武豊 JRA4000勝!名馬、伝説とともに32年目で金字塔
2018年09月30日 05:30
競馬
「今日できればいいと思っていた。長年多くの人、馬に恵まれ、ここまで来られた」
大記録をデビューの地、阪神競馬場で達成。ウイナーズサークルでは、4000勝を記念したTシャツを着た騎手仲間が登場するサプライズに「みんなに祝福され、こんなうれしいことはない」と笑みを浮かべ、自らの指を広げ「4」の数字をつくった。
あと3勝として迎えたこの日は3Rをまず制すると、5Rでは親交の深いタレント・木梨憲武の命名馬ゴータイミングで快勝。リーチをかけると、10Rのメイショウカズヒメで決めた。「父(故邦彦氏)の代からお世話になっているオーナー(松本好雄氏)の馬で区切りを達成できて一段とうれしい。父には今日の僕の姿を見てもらいたかったです」と感謝を込めた。
デビュー以来の総騎乗距離は3441万1400メートル。東京―米サンフランシスコ間を2往復できる距離だ。デビュー時からスタート巧者で馬に負担が少ない乗り方。最初は非力だったが、欧州の重い芝や米国のダートで経験を積み、力強さを身につけた。1980年代。欧米と日本の間には高い壁がそびえていた。果敢にアタックし89年、米国で海外初勝利。その後も世界に挑み続け海外でG1・9勝を含む100勝以上。今では、世界中のホースマンが「ユタカ・タケ」の名を知っている。

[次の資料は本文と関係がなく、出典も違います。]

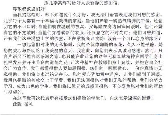 為表示對張新靜等人大代表的感謝,隨后,李高輝給張新靜寫了一封感謝信。信中,他表示,自己一定不辜負(fù)大家的期望,以后會更加努力學(xué)習(xí),回饋社會,回報(bào)大家?!八且粋€(gè)懂得感恩的孩子,讀了他的來信,我感到很欣慰。”張新靜說。
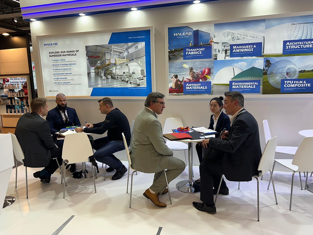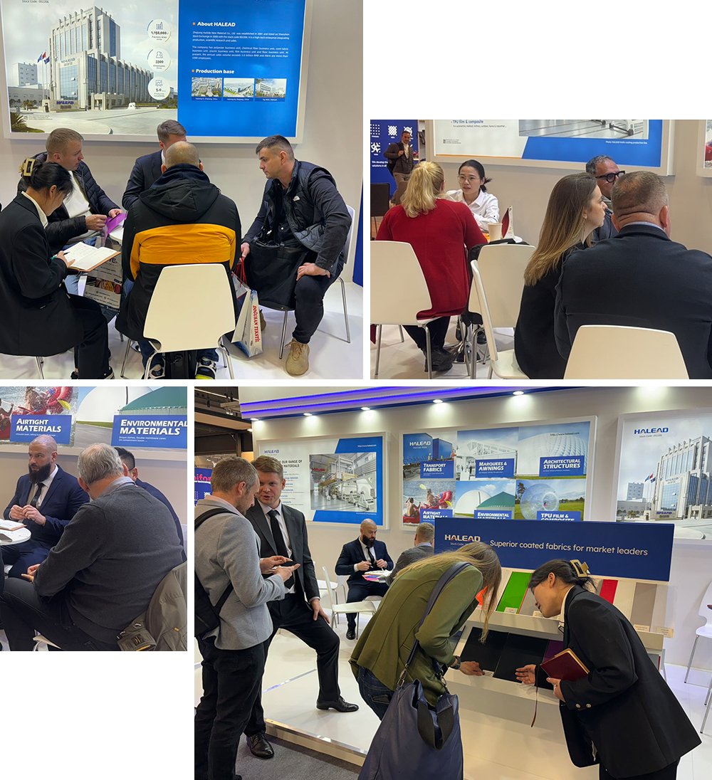 展会期间,公司接待了来自欧洲、土耳其、印度、美洲、南非、日本等国家的200余名新老客户。同时,我们还捕捉到英国、土耳其等非欧盟国家对篷布产品的需求有激增的趋势,这为我们在国际市场上的扩展提供了机遇和潜力。

もちろん、これが終着点ではない。「(4000勝は)一つ一つの積み重ねで、それぞれに思い出はあるが、これで終わりではない。騎手としてもっと成長したいと思って頑張りたい」。次なる目標として「4001勝目。次のレースに勝つこと」とした上で、89年から08年までの20年で計18度獲得したリーディングジョッキー(年間最多勝)についても「難しいとは思うが、もう一度獲りたいと思っている」と続けた。

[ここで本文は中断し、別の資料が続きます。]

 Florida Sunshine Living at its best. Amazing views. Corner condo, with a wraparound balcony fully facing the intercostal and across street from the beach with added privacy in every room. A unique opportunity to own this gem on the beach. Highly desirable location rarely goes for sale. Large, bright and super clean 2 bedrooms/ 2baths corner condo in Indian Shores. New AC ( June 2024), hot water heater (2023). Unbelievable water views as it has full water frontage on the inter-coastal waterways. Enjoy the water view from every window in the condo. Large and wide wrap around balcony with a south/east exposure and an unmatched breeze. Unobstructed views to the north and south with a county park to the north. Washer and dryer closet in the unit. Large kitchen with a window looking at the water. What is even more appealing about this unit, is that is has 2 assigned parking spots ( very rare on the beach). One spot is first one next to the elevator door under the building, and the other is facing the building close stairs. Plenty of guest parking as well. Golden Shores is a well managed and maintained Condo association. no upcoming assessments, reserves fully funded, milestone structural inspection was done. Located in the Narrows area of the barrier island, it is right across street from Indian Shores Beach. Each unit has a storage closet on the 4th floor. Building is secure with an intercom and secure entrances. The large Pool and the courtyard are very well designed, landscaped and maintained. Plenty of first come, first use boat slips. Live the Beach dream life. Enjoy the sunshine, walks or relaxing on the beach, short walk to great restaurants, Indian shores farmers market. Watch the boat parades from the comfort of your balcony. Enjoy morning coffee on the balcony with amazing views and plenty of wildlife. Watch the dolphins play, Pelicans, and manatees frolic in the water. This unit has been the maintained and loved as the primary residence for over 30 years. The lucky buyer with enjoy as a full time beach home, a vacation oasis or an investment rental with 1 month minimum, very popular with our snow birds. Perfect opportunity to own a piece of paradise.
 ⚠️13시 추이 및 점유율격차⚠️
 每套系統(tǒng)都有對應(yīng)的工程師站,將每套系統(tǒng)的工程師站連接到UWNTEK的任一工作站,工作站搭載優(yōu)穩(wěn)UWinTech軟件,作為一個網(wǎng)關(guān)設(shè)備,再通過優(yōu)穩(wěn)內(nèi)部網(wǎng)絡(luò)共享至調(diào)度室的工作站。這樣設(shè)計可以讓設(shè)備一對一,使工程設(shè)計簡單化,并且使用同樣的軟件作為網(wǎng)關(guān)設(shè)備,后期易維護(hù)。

10月7日には「凱旋門賞」が待ち受ける。今回が7度目の挑戦。「いつかは必ず勝ちたい」――。来年3月に50歳を迎えるが、いつかムチを置く日まで、ひた走る生きざまこそが武豊の存在意義だ。
◆武 豊(たけ・ゆたか)1969年(昭44)3月15日生まれ、滋賀県出身の49歳。87年に栗東・武田作十郎厩舎所属でデビュー。年間最多勝に歴代最多の18回輝いたほか、歴代最多のJRA重賞通算329勝、ダービー最多5勝を含むG1通算75勝など数多くの記録を保持している。日本騎手クラブ会長なども歴任。父は名騎手で知られた故武邦彦調教師、弟は武幸四郎現調教師。